Return on equity or ROE is a key measure used to assess how efficiently a company's management is utilizing the company's capital. In simpler terms, it measures the profitability of a company in relation to shareholder's equity.

See our latest analysis for Iwatani

How To Calculate Return On Equity?

The formula for return on equity is:

Return on Equity = Net Profit (from continuing operations) ÷ Shareholders' Equity

So, based on the above formula, the ROE for Iwatani is:

14% = JP¥53b ÷ JP¥383b (Based on the trailing twelve months to June 2024).

The 'return' refers to a company's earnings over the last year. So, this means that for every ¥1 of its shareholder's investments, the company generates a profit of ¥0.14.

What Has ROE Got To Do With Earnings Growth?

Thus far, we have learned that ROE measures how efficiently a company is generating its profits. Depending on how much of these profits the company reinvests or "retains", and how effectively it does so, we are then able to assess a company’s earnings growth potential. Assuming all else is equal, companies that have both a higher return on equity and higher profit retention are usually the ones that have a higher growth rate when compared to companies that don't have the same features.

Iwatani's Earnings Growth And 14% ROE

To start with, Iwatani's ROE looks acceptable. Especially when compared to the industry average of 8.1% the company's ROE looks pretty impressive. This probably laid the ground for Iwatani's moderate 18% net income growth seen over the past five years.

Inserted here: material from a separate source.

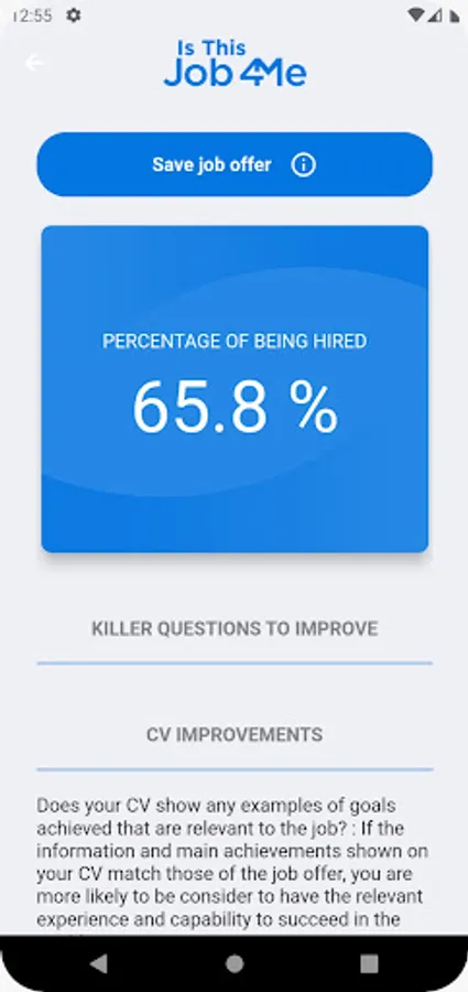 The application constantly improves its suggestions thanks to its continuous learning model to keep the improvement recommendations updated to the needs of potential employers.

We then compared Iwatani's net income growth with the industry and we're pleased to see that the company's growth figure is higher when compared with the industry which has a growth rate of 11% in the same 5-year period.

TSE:8088 Past Earnings Growth October 30th 2024

Earnings growth is a huge factor in stock valuation. The investor should try to establish if the expected growth or decline in earnings, whichever the case may be, is priced in. Doing so will help them establish if the stock's future looks promising or ominous. One good indicator of expected earnings growth is the P/E ratio which determines the price the market is willing to pay for a stock based on its earnings prospects. So, you may want to check if Iwatani is trading on a high P/E or a low P/E, relative to its industry.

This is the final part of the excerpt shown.